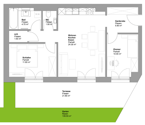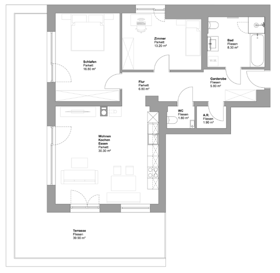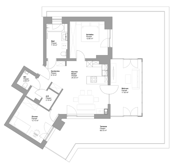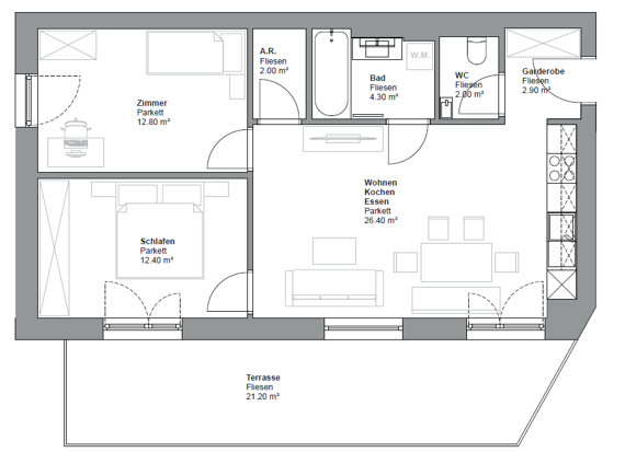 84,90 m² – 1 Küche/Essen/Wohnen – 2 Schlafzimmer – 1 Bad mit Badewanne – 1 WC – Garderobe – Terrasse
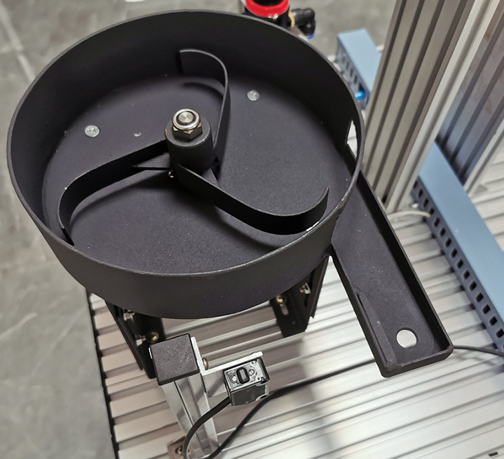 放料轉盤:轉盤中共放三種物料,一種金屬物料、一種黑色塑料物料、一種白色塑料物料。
= = =
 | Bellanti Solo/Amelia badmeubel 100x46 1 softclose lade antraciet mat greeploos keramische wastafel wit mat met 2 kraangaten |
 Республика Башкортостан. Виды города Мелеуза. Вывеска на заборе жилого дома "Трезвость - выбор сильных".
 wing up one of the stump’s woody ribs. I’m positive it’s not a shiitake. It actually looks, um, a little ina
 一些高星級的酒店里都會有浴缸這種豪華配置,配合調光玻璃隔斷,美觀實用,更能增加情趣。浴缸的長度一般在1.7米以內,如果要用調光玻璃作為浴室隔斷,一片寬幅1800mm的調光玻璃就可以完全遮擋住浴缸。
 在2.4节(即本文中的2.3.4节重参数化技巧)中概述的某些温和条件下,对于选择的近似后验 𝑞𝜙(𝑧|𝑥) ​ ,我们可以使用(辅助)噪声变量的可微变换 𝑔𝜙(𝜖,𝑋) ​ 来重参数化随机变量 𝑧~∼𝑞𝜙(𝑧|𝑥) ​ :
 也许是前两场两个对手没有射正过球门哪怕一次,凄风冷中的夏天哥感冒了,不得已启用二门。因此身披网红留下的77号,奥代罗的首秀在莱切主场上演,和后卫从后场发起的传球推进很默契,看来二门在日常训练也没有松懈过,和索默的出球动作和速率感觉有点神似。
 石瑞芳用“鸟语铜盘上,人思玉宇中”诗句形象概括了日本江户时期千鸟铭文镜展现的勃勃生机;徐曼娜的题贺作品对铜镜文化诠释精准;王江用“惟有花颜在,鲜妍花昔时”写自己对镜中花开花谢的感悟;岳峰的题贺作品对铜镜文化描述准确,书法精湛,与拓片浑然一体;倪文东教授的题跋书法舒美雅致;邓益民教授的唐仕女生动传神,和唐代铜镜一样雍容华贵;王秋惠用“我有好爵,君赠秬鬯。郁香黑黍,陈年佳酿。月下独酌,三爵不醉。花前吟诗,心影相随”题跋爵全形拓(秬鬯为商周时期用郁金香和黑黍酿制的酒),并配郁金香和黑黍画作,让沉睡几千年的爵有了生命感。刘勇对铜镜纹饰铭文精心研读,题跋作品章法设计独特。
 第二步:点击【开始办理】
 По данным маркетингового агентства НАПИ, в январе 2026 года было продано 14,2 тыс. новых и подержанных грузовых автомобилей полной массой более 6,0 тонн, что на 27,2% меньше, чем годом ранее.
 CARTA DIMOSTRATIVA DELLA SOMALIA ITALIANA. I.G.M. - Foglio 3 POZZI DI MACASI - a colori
= = =
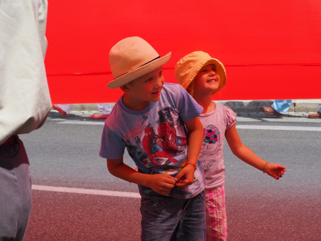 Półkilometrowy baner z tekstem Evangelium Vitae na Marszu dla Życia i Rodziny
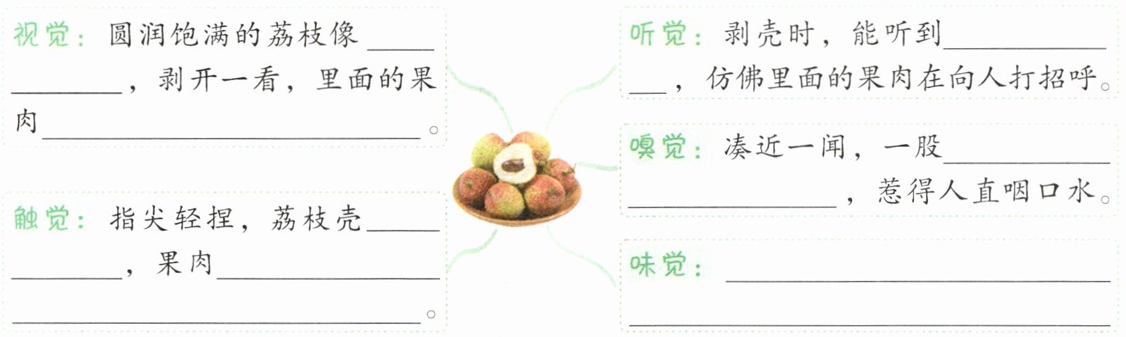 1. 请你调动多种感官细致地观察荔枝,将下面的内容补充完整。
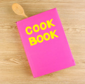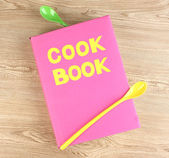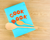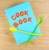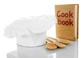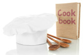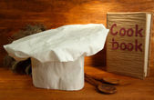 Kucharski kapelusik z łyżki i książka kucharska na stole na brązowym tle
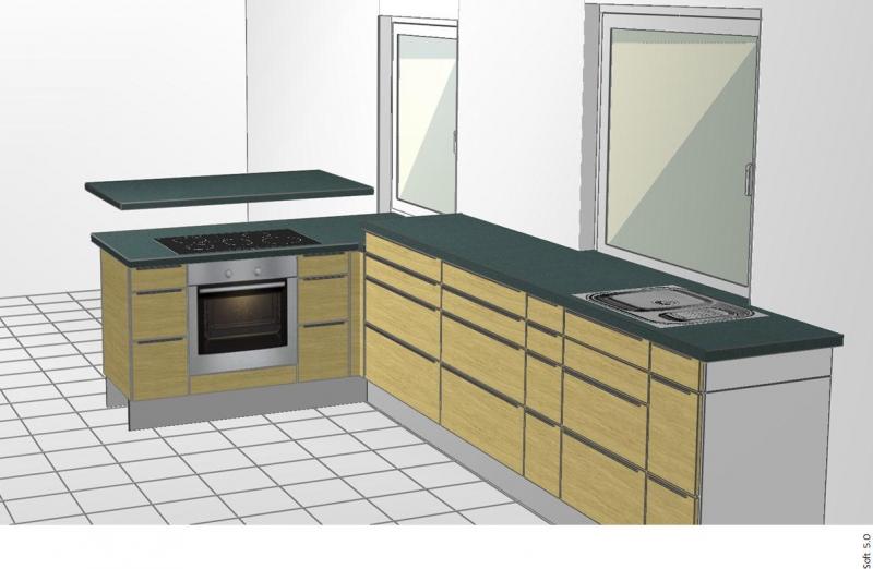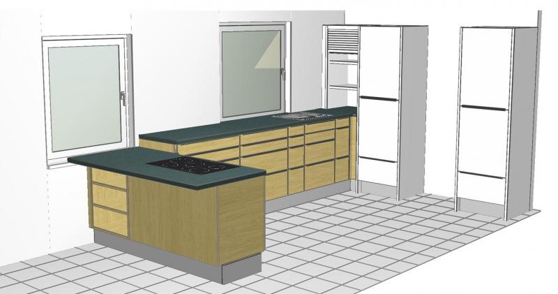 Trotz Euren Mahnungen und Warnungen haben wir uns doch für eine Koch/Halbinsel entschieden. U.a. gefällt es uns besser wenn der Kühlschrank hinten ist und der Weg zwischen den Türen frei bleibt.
= = =
### Task statement
From the records above, print only the lines between the one holding "也许是前两场两个对手没有射正" and the one holding "第二步:点击【开始办理】", inclusive, exactly as they stand.

### Reply to the exercise
 也许是前两场两个对手没有射正过球门哪怕一次,凄风冷中的夏天哥感冒了,不得已启用二门。因此身披网红留下的77号,奥代罗的首秀在莱切主场上演,和后卫从后场发起的传球推进很默契,看来二门在日常训练也没有松懈过,和索默的出球动作和速率感觉有点神似。
 石瑞芳用“鸟语铜盘上,人思玉宇中”诗句形象概括了日本江户时期千鸟铭文镜展现的勃勃生机;徐曼娜的题贺作品对铜镜文化诠释精准;王江用“惟有花颜在,鲜妍花昔时”写自己对镜中花开花谢的感悟;岳峰的题贺作品对铜镜文化描述准确,书法精湛,与拓片浑然一体;倪文东教授的题跋书法舒美雅致;邓益民教授的唐仕女生动传神,和唐代铜镜一样雍容华贵;王秋惠用“我有好爵,君赠秬鬯。郁香黑黍,陈年佳酿。月下独酌,三爵不醉。花前吟诗,心影相随”题跋爵全形拓(秬鬯为商周时期用郁金香和黑黍酿制的酒),并配郁金香和黑黍画作,让沉睡几千年的爵有了生命感。刘勇对铜镜纹饰铭文精心研读,题跋作品章法设计独特。
 第二步:点击【开始办理】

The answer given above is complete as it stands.